Description of the task - Required from the data below: the exact lines starting at the line containing "لقد أضفنا عنصر" and ending at the line containing "Aquarius 0 |", with both ends kept and all pictures dropped.

Provided data -
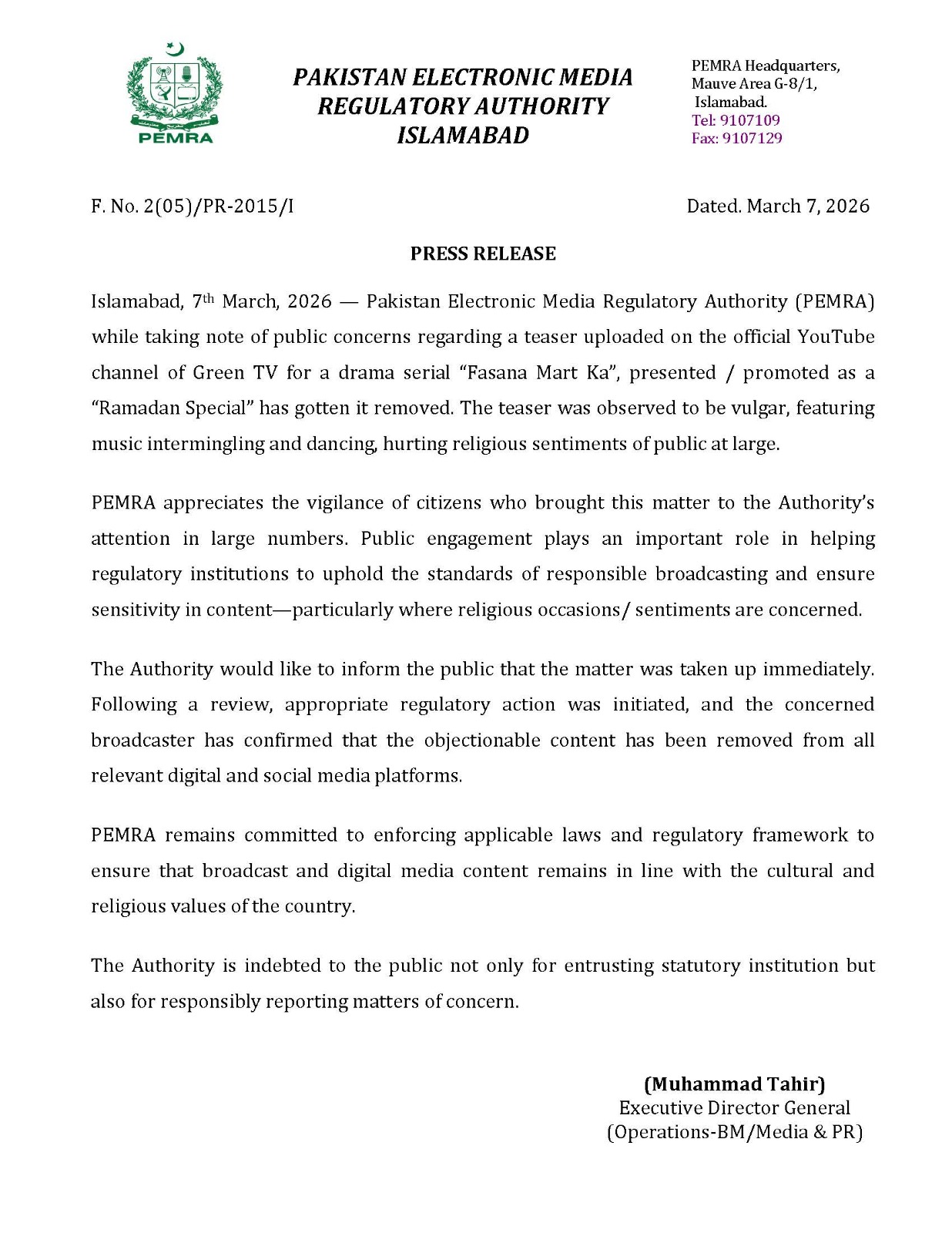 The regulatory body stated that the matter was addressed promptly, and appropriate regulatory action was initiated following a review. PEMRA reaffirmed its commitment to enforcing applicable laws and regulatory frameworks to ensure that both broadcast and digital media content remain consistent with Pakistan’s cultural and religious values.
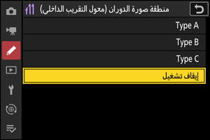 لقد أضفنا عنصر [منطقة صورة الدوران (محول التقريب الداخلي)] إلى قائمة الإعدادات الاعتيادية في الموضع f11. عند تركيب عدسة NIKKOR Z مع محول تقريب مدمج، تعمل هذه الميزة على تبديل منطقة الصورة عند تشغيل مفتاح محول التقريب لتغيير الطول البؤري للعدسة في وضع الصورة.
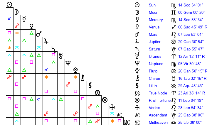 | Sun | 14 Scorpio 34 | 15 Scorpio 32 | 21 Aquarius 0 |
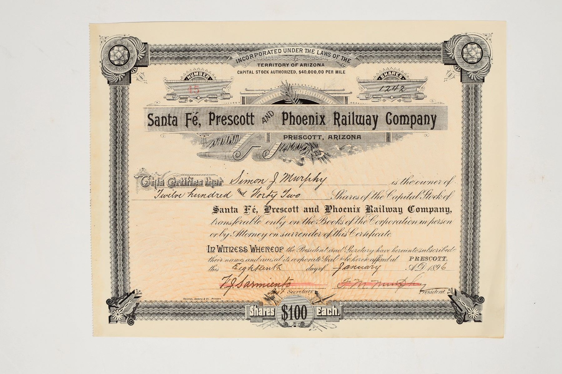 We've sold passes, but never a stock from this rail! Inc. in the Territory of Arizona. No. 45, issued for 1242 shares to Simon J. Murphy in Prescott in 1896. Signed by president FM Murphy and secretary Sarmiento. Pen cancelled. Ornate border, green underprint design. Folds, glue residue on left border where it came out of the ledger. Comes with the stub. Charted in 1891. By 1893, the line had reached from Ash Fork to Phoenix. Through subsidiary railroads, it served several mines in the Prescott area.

Result for this exercise -
 لقد أضفنا عنصر [منطقة صورة الدوران (محول التقريب الداخلي)] إلى قائمة الإعدادات الاعتيادية في الموضع f11. عند تركيب عدسة NIKKOR Z مع محول تقريب مدمج، تعمل هذه الميزة على تبديل منطقة الصورة عند تشغيل مفتاح محول التقريب لتغيير الطول البؤري للعدسة في وضع الصورة.
 | Sun | 14 Scorpio 34 | 15 Scorpio 32 | 21 Aquarius 0 |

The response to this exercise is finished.